Speaking alongside former Secretary of State Condoleeza Rice and former Defense Secretary Jim Mattis at Stanford University, Blinken said U.S.-China policy on Taiwan had proven “incredibly successful” for decades, with both sides prioritizing the maintenance of peace.

But he said that was no longer the case.

“There has been a change in the approach from Beijing toward Taiwan in recent years,” Blinken said. “Instead of sticking with the status quo that was established in a positive way, a fundamental decision [was made] that the status quo was no longer acceptable and that Beijing was determined to pursue reunification on a much faster timeline.” 

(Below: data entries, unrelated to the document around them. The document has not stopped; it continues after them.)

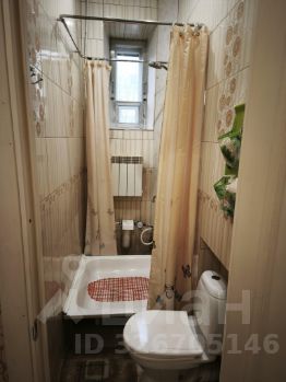 Светлая ванная комната совмещена с санузлом. Отделка - плиткой на стенах и на полу, имеется небольшое окно, подвесные потолки со встроенными светильниками и принудительной вытяжкой.
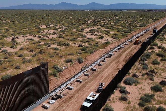 ▲当地时间2025年9月6日,墨西哥奇瓦瓦州华雷斯城,美国工人在边境安装金属围栏 图据视觉中国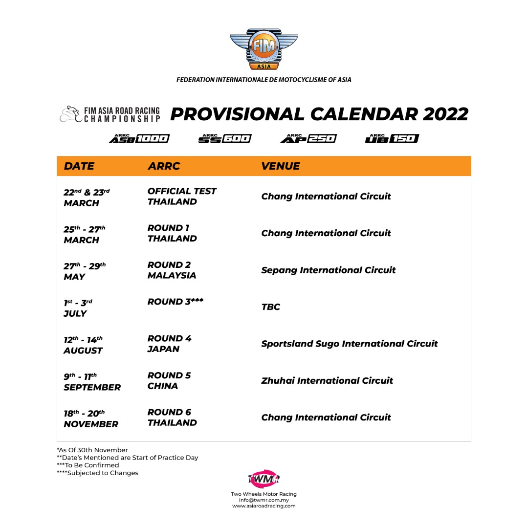 The FIM Asia Road Racing Championship is excited to announce the 2022 calendar as follows: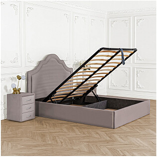 Кровать двуспальная с подъемным механизмом и ящиком для белья 180х200 бежевая Мелисса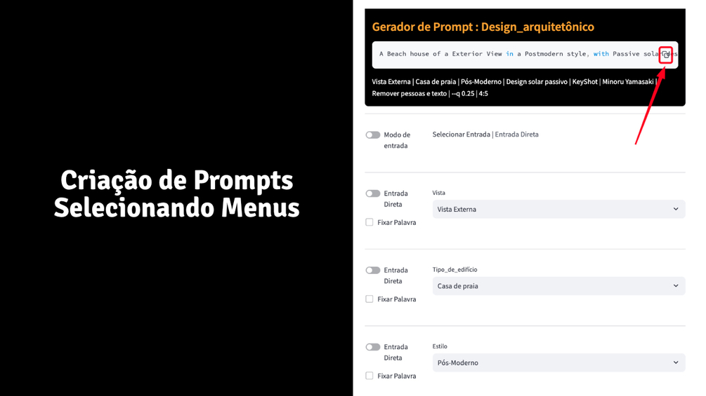 • Criação Totalmente Personalizável de Prompts: De arquitetos a estilos de edifícios, pontos de vista e mais — construa prompts que capturem a essência de sua abordagem de design única.

“If peaceful means didn’t work, then it would employ coercive means – and possibly, if coercive means don’t work, maybe forceful means – to achieve its objectives,” he said. “And that is what is profoundly disrupting the status quo and creating tremendous tensions.”

Blinken said U.S. pledges to defend Taiwan in the event of an invasion from Beijing – eschewing decades of “strategic ambiguity” about whether the U.S. would directly confront China – had been forced by the elevated threats of such an event, which he said would be devastating.

“On semiconductors, if Taiwanese production were disrupted as a result of a crisis, you would have an economic crisis around the world,” Blinken said. “So there’s a profound stake not just for us but for countries around the world in preserving peace and stability when it comes to Taiwan and the straits, and to making sure that the differences that exist are resolved peacefully. So that’s why we’ve been so engaged on this.”

Kharis Templeman, an expert on Taiwan at Stanford University’s Hoover Institution who attended Blinken’s talk on Monday, said that his comments reflected a changing situation between Beijing and Taiwan.

“It’s fair to say the majority view in the Biden administration is that Xi has moved from deterring independence as his top priority, to making progress toward unification,” said Templeman. But he added that “the comment about a ‘much faster timeline’ is a bit misleading.”

“Faster than what?” he said. “Faster than waiting indefinitely, but nothing more certain than that. I do not see a consensus within the administration that Xi has set a concrete deadline for achieving unification, or even that it needs to happen while he is still in charge. Anyone who tells you a specific deadline is reading too much into the tea leaves.”

The comments came as the United States seeks to ramp up military support for Taiwan in the wake of Russia’s Feb. 24 invasion of Ukraine, which has raised global concerns about the threat of a similar invasion of Taiwan.

Senate Armed Services Chairman Jack Reed (D-R.I.) last week filed an amendment to the 2023 National Defense Authorization Act that doubles military aid to Taiwan to over $10 billion, doubling the $4.5 billion initially proposed by Senate Foreign Relations Chairman Bob Menendez (D-N.J.). The Senate is expected to vote on the bill next month.